TL;DR: My prediction about agencies doing Reddit link building for LLM are going to be out of business in 12 months. It is built on hype and not knowledge about LLM or Reddit.
Clarification: I do not offer reddit organic marketing services.
For those unaware, Reddit had deal with Google to promote them as organic content for couple of years and in the last 3 months people have been crazy about wanting to be cited in LLM by using Reddit organic. Personally I have seen already 3 companies offering Reddit link building by using their own profiles. Each link costing like 15-25$ each.
These are objectively the biggest issue why these Reddit link building agencies will fail.
1. LLM knowledge update. According to Gemini Pro its knowledge was last updated in early 2023, while ChatGPT (free) in June 2024. Right now it's October 2025. If I'm not mistaken, it should take maybe a year to get quoted by any LLM. If companies won't see results in 3-6months they will simply not continue partnership and definitely won't suggest these services.
2. No clear guidelines. Agencies will claim that they have the knowledge how to get in front of LLM by building Reddit links or whatnot... but link building for LLM is completely new. At the moment I do not know a specific case study which shows how Reddit link building has helped (and I'm very deep in this topic). If you have a clear case study with proof without smokescreen then please, prove me wrong.

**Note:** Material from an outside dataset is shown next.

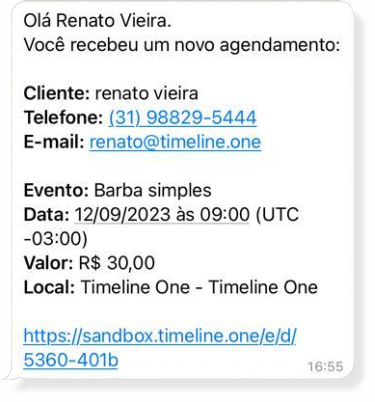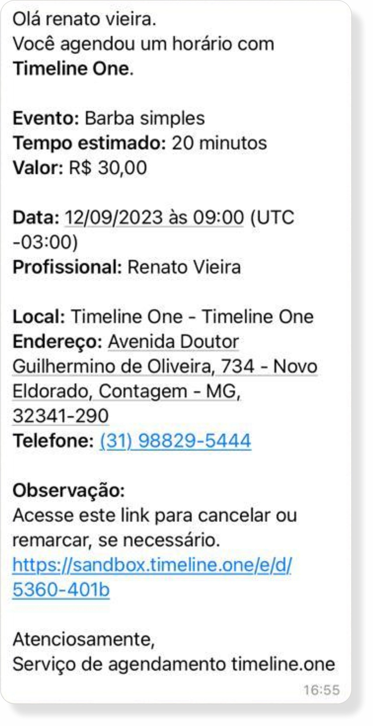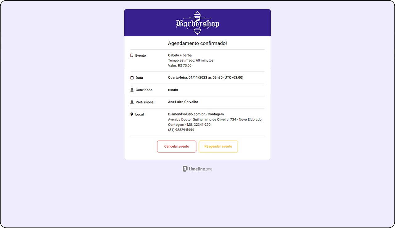 O cliente também recebe informações e podendo cancelar ou remarcar o agendamento, se necessário.

Just last week had a talk with people from Reddit, got their documents that they can provide for agencies and to be honest- there was 0 information about using company links. Of course, I take all that information with grain of salt, but still, that speaks volumes.
3. How big is Reddit. All agencies show how big Reddit is. That is awesome, that is absolutely correct, but think it like this- how many conversations are happening this very minute, this hour, today, this week, this year. Even if you spend $20 per link and invest 1k, I do not think it will move the needle, especially if we consider next point.
4. Moderators. 100% of companies/ marketers forget gatekeepers- moderators. They are the backbone of the communities and not following THEIR rules- good luck somewhere else. Year ago, a company spammed their services on niche subreddits, got banned and ruined relationships with mods. Then I started working with this company. Everything good and then moderators told me the history and said that there nothing I could do to patch this grudge. Moderators are humans, respect their rules, help them and they will help you.
5. Scaling. I have done my research and pretty much know how bot farms work. What they do is either make accounts themselves or buy (no, I will not link to anyone who sells Reddit accounts). Either of those situations these accounts have fixed fee based on their age and karma. You can farm karma (very easy FYI) but age is not that you can manipulate. So even if a company has 50 accounts, how fast do you think those accounts won't get noticed or the accounts won't spam your competitor links.
Years ago I saw different Reddit SaaS and their biggest money waster were Reddit accounts.
6. Alghorithm. With a switch of a button LLM can and will change their algorithm. I have not seen it multiple times how SEO has changed over the years. Heck even paid media isn't very safe either.
Companies can't be and win thousands of conversations with their link building or bot farming. It will damage their reputation. Rather than spending money, just focus on making brand advocates and being someone who they can actually trust (without manipulating).
My humble solution to this LLM stuff:
1. Create brand account (preferrably like e.g. Wix_David; CoolerMaster_Justin etc.).
2. Find your communities.
3. Once a day, spend 30-60minutes actually help people even if it doesn't earn you money.
4. Do not make posts unless it is helpful or an actual PSA.
5. Respect moderators and their rules.